When I was 13, at a friend’s birthday party, her older brother and his friend (Italian boys, which makes the whole thing even weirder because the Italian experience in Australia is quite similar to the Greek one, I think) cornered me as I was coming out of an upstairs bathroom. There was no one else around; the rest of the party was happening downstairs, and I could hear the sounds of Spice Girls on the CD player and my friends laughing as the two boys pushed me against the wall.

One of them pressed a knife to my throat and growled into my ear, “If you ever come into my house again, you stupid Greek slut, I will kill you.” They left me shaken, and when I returned to the party crying, the mother of the party girl and her racist brother told me I was lying and completely dismissed the incident as a fabrication.

Tina Fey wrote in Bossypants that being Greek is a weird sort of cultural purgatory, because you’re not really white, but you’re not really not white. Growing up in Australia, and knowing intimately the struggles of my parents and grandparents, I experienced otherness. The grey area we inhabited–still inhabit–is frustrating.
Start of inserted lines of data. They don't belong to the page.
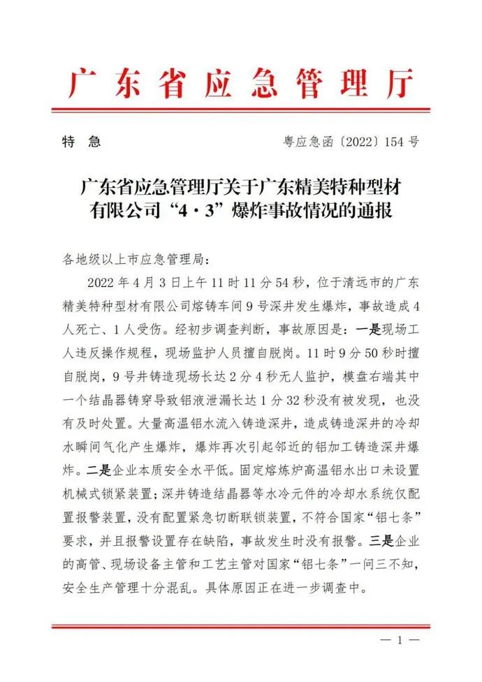 4月3日上午,廣東清遠某特種型材有限公司熔鑄二號車間9號鑄造井發生爆炸事故。事故造成4人死亡、1人重傷,廠房嚴重損毀。 監(jian)控視(shi)頻顯示(shi),爆(bao)炸現(xian)場升起數(shu)米高(gao)的“蘑(mo)菇(gu)云”。 4月(yue)5日(ri),清(qing)(qing)遠(yuan)市清(qing)(qing)城(cheng)區應急管(guan)理局通報,經(jing)現場初(chu)步(bu)判斷,直接原因為:鋁棒在拉鑄過程(cheng)中,鋁水泄漏到冷卻水池內導致事(shi)故(gu)發生(sheng)。 事故(gu)通報顯示,具體事故(gu)原因初步總結(jie)為: 一是(shi)現場工人違反(fan)操(cao)作規程,現場監護人員擅自脫(tuo)崗(gang)。 二是企業本質安全(quan)水平低。 三(san)是企業的高(gao)管(guan)、現場設(she)備主管(guan)和工(gong)藝(yi)主管(guan)對國家“鋁七條”一問三(san)不知(zhi),安全生產管(guan)理(li)十分混(hun)亂。 有關善(shan)后工作(zuo)正在進行中,清遠已(yi)成立事故調查(cha)組(zu),正開展(zhan)事故調查(cha)處理工作(zuo)。
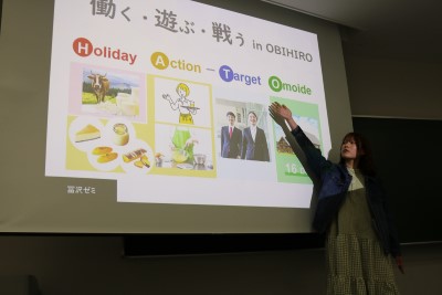 経営学部では、新入生が北海道帯広市役所の職員になりきり、ふるさとワーキングホリデー企画を提案する課題に取り組みました。産業能率大学の学生向けに、心惹きつける様々なプランを企画・発表しました。
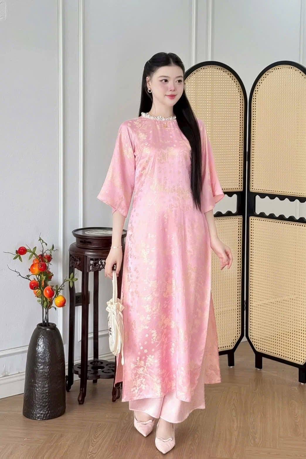 Matching Mom And Daughter Pink Ao Dai Set Lua To Tam Van Nam Loose Style/Lunar New Year 2026 MB1
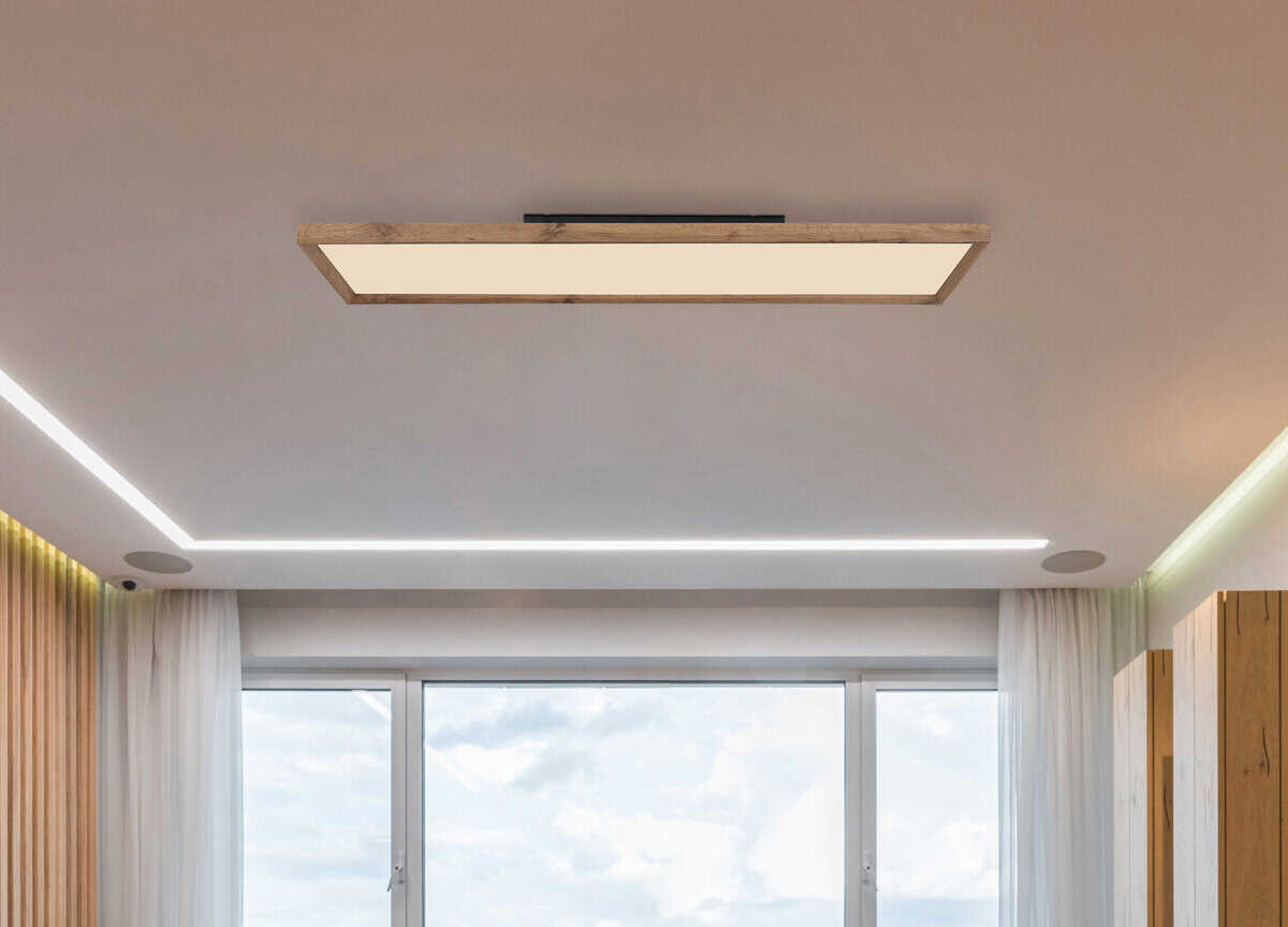 Ova pravougaona plafonska lampa (120x30cm) u izgledu drveta serije Pepeljuga inspiriše svojim sjajnim dizajnom. U okviru svetiljke nalazi se LED ploča koja se može fiksirati u nivoima svetla 2700 Kelvina toplo belo, 4500 Kelvina neutralno i 6500 Kelvina hladno belo.
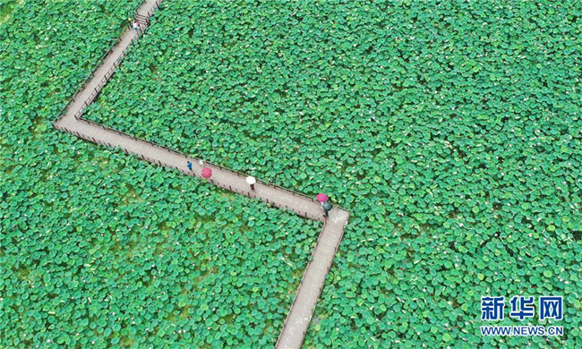 在江西省南昌市新建區(qū)聯(lián)圩鎮(zhèn),游客在當(dāng)?shù)氐那М€荷花園觀賞游玩(7月20日無人機拍攝)。
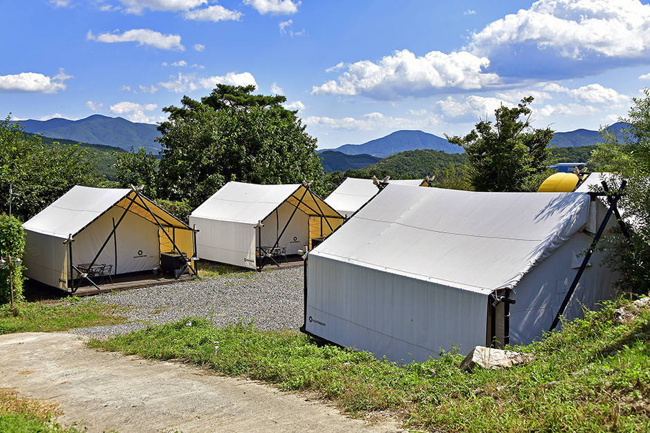 불스글램핑은 울창한 산 아래 자리 잡고 있어 맑은 공기와 푸르른 나무들을 항시 볼 수 있는 곳이다. 글램핑은 베드별 테마룸과 단체룸 등으로 나누어져 있으며, 외관부터 깔끔한 글램핑 내부시설은 작은 싱크대와 조리도구, 식탁, 침대, 에어컨, 전자레인지. 전기밥솥, 화장대, 드라이기, 아기자기한 소품들, 냉장고, TV, 탁자, 수건, 세면도구 등 모든 것이 세심하게 준비되어 있어 가볍게 몸만 가면 되는 곳이다. 또한, 개별 테라스가 있어 바비큐파티를 즐길 수 있다.
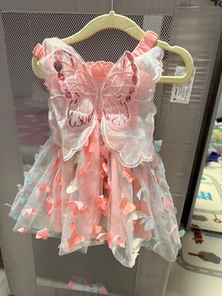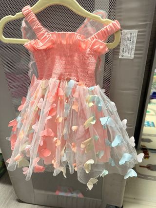 Precioso vestido para niña con un diseño de mariposa. - Color rosa y blanco. - Detalles de mariposas en tul. - Adornado con lentejuelas.
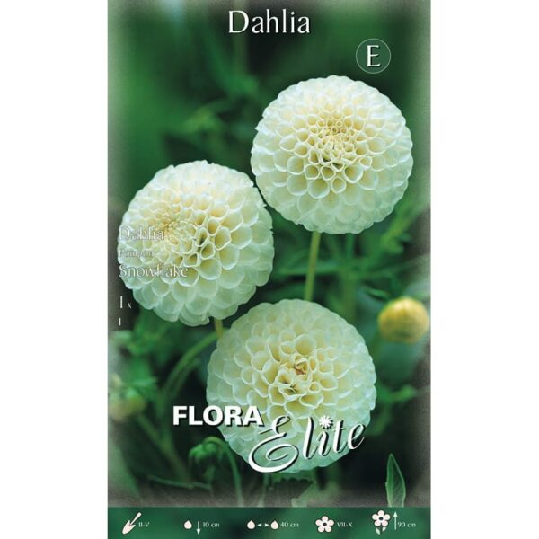 ‘Snowflake’ – subtili ir elegantiška jurginų veislė, pasižyminti pilnaviduriais, sniego baltumo žiedais. Švelnūs, dailiai išsidėstę žiedlapiai suteikia augalui lengvumo ir grakštumo, todėl jis puikiai tinka romantiškiems ir šviesiems gėlynams. ‘Snowflake’ žydi ilgai ir gausiai nuo vasaros vidurio iki pirmųjų šalnų, o tvirti stiebai leidžia sėkmingai naudoti šią veislę skynimui – žiedai vazoje išlieka dekoratyvūs ilgą laiką.
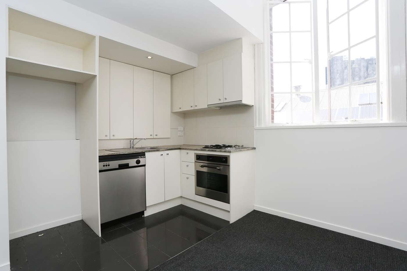 Step into this beautiful historical building, on the corner of Russell & Victoria Streets, to find this stylish one bedroom apartment. Open plan kitchen and living area downstairs, including gas stovetop and dishwasher! Upstairs to the mezzanine bedroom with built in robes, and study nook, and the bathroom with shower over bath. European laundry included.
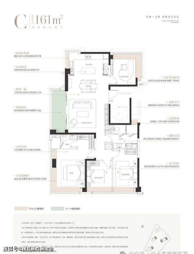 项目坐拥外滩、陆家嘴、北外滩黄金三角核心,步行可达外滩滨江步道,周边商业、文化、医疗、教育配套成熟。户型设计注重空间利用率与居住舒适度,实现主次卧面积平权,配备国际一线品牌装修与全屋智能系统,是内环顶豪的标杆之作。
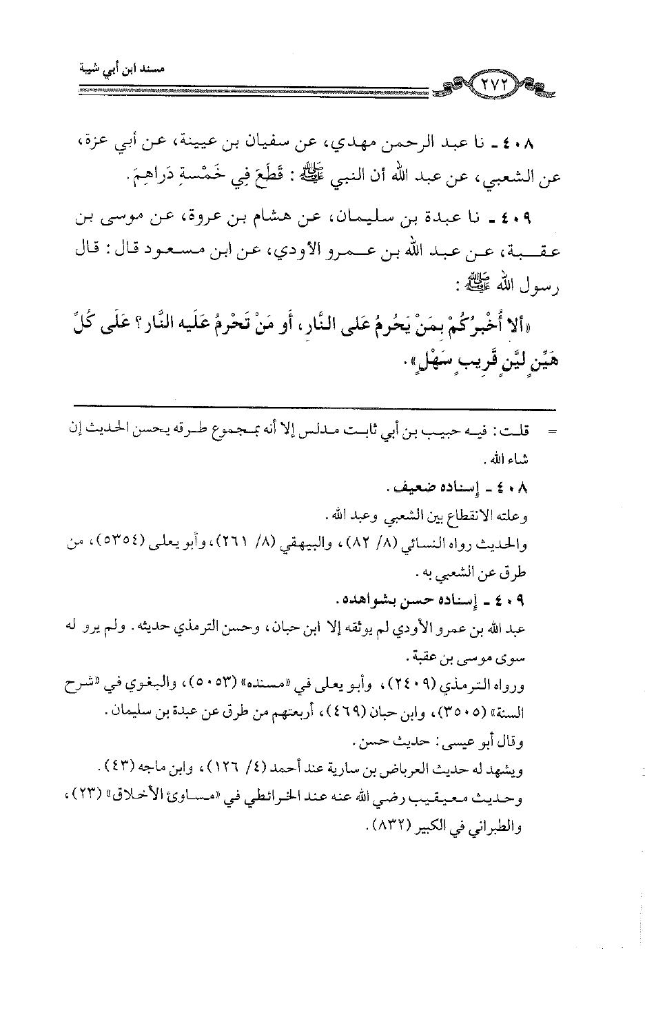 409 - نا عَبْدَةُ بْنُ سُلَيْمَانَ، عَنْ هِشَامِ بْنِ عُرْوَةَ، عَنْ مُوسَى بْنِ عُقْبَةَ، عَنْ عَبْدِ اللَّهِ بْنِ عَمْرٍو الْأَوْدِيِّ، عَنِ ابْنِ مَسْعُودٍ، قَالَ: قَالَ رَسُولُ اللَّهِ صَلَّى اللهُ عَلَيْهِ وَسَلَّمَ: «أَلَا §أُخْبِرُكُمْ بِمَنْ يَحْرُمُ عَلَى النَّارِ، أَوْ مَنْ تُحَرَّمُ عَلَيْهِ النَّارُ؟ عَلَى كُلِّ هَيِّنٍ لَيِّنٍ قَرِيبٍ سَهْلٍ»
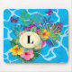 Un diseño tan hermoso y colorido de flores tropicales hawaianas de hibiscus, flor, frangipani, hojas de palma y mariposas. El diseño también cuenta con una corona ornamental redonda de follaje y piñas con un marco decorativo de oro falso. Personalizar con tu propia inicial. Diseño gráfico sobre un salpicón de agua azul texturado fondo.
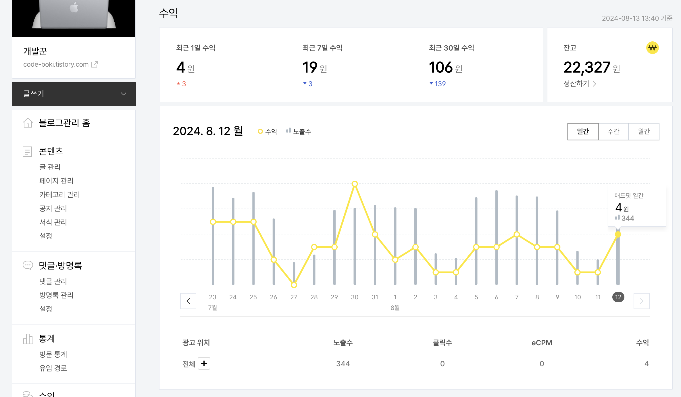 그리고 현재 티스토리로는 크게 이익이 나지 않는 것 같다..
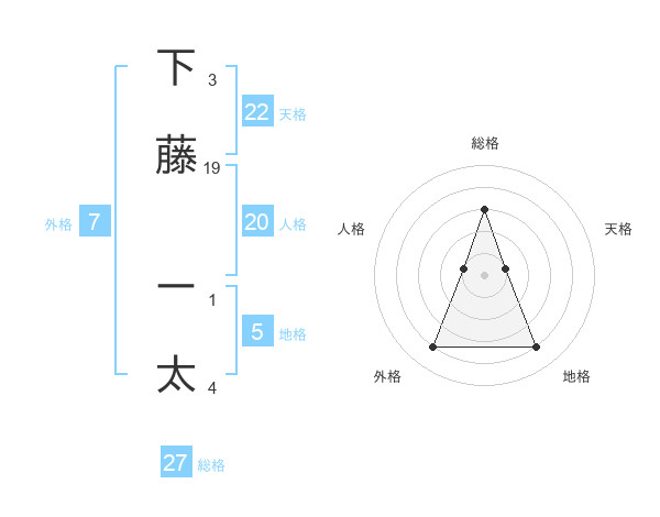 下藤 ー太さんの総格は27画の3点!
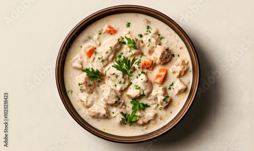 A plate of blanquette de veau, a creamy veal stew, Generative AI
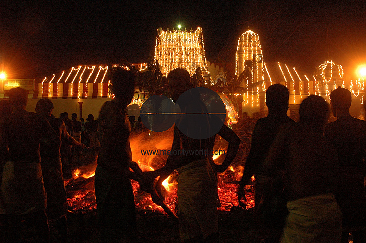 Udappuwa festival, the preparation for the fire walking. The pit is prepared. The burning wood leveled, the embers shaped into a rectangular pit. Sri Lanka. 2006.
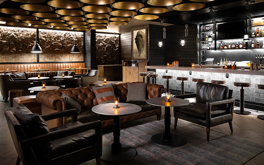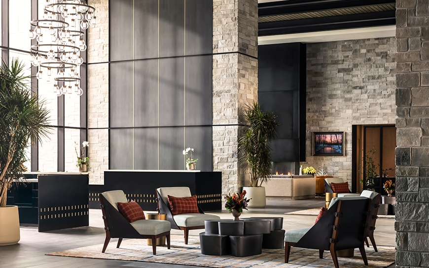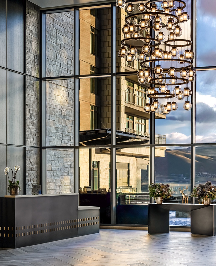 Upon arrival, guests are welcomed by a dramatic 26-foot cantilevered entry canopy that extends into the lobby and hotel reception, where expansive glazing frames breathtaking views of the surrounding mountains and valley beyond. This striking entrance sets the tone for the hotel’s connection to its mountainside setting. The building’s exterior, clad in raw metals and a natural stone-wrapped base, grounds the structure in its rugged environment. Feature elements on the building were inspired by the metals once mined here, and ‘mineral boxes’ are used to create interest and to articulate the façade. Large windows punctuate every elevation, capturing stunning vistas of the ski slopes and the Jordanelle Reservoir, filling the interiors with natural light.
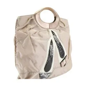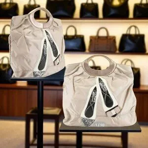 Salvatore Ferragamo nylon tote bags and sequined flats, as the exact models are likely a store display or limited edition:
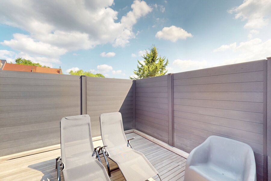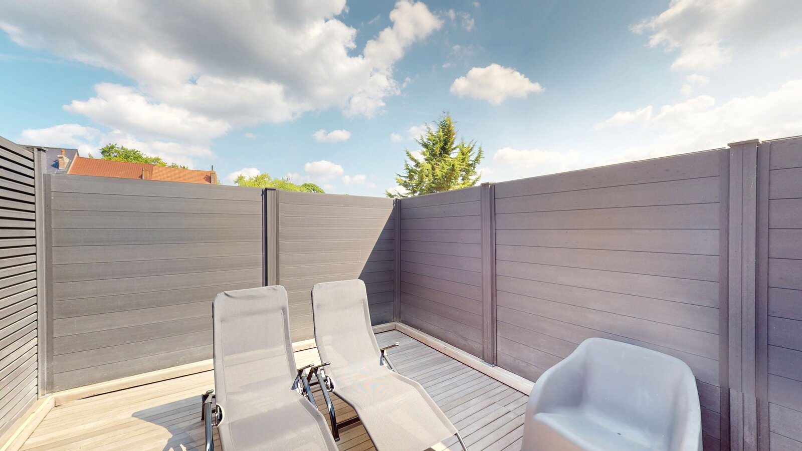 Terrasse intimiste et espace détente, à l’abri des regards.
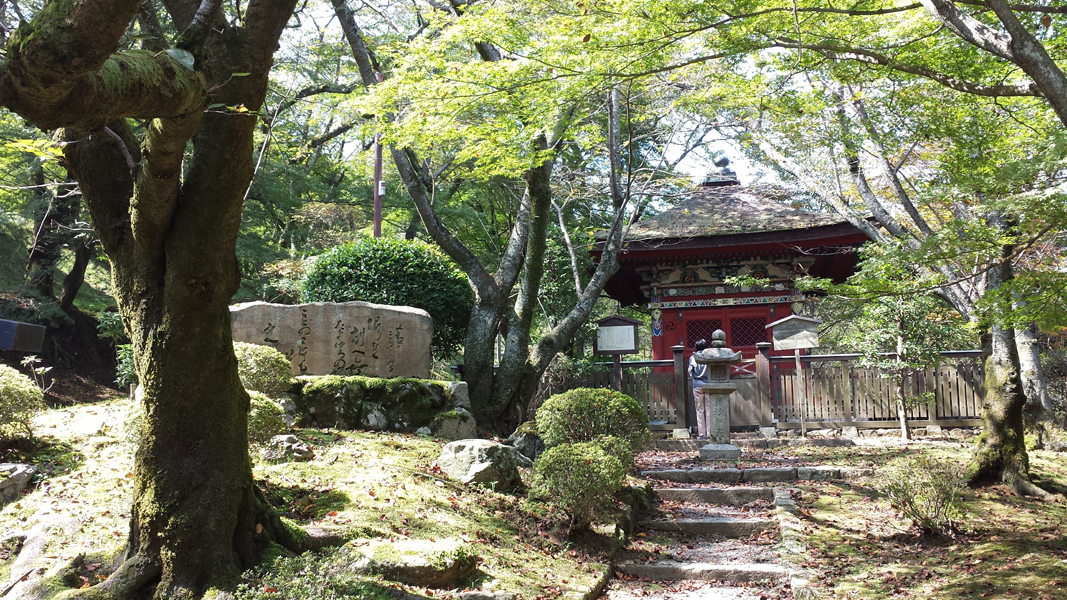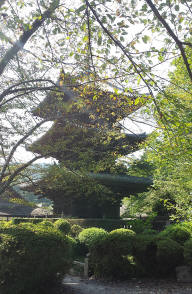 southeast and passed Bishamon Hall (1616), a small red building,
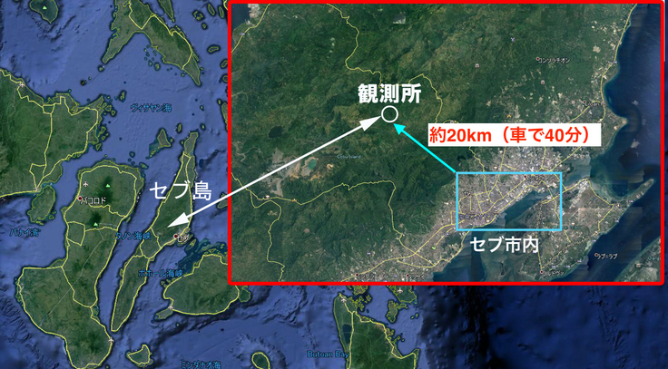 セブ市内から約20km(セブ市の海岸から直線で西へ13㎞)、

With our pale skin, we are locked out of ethnicity, and with our ethnicity, we are beaten by the pale skinned. But I know exactly what it is like to grow up with people treating you as though your blood is unclean. I have experienced, and I have inherited experiences, of what it is like to be hated because of your race.

I’m not interested into entering a racism pissing contest–I experienced racism more than you; the racism I experienced was worse than what you experienced etc.–all I want is to be allowed into the conversation, and for what my family and I have experienced not to be ignored simply because our skin color is white. Culture is not reliant on a skin tone; nor is hatred of it. For once I would like to be able to say “I understand,” and not be scoffed at; that’s all.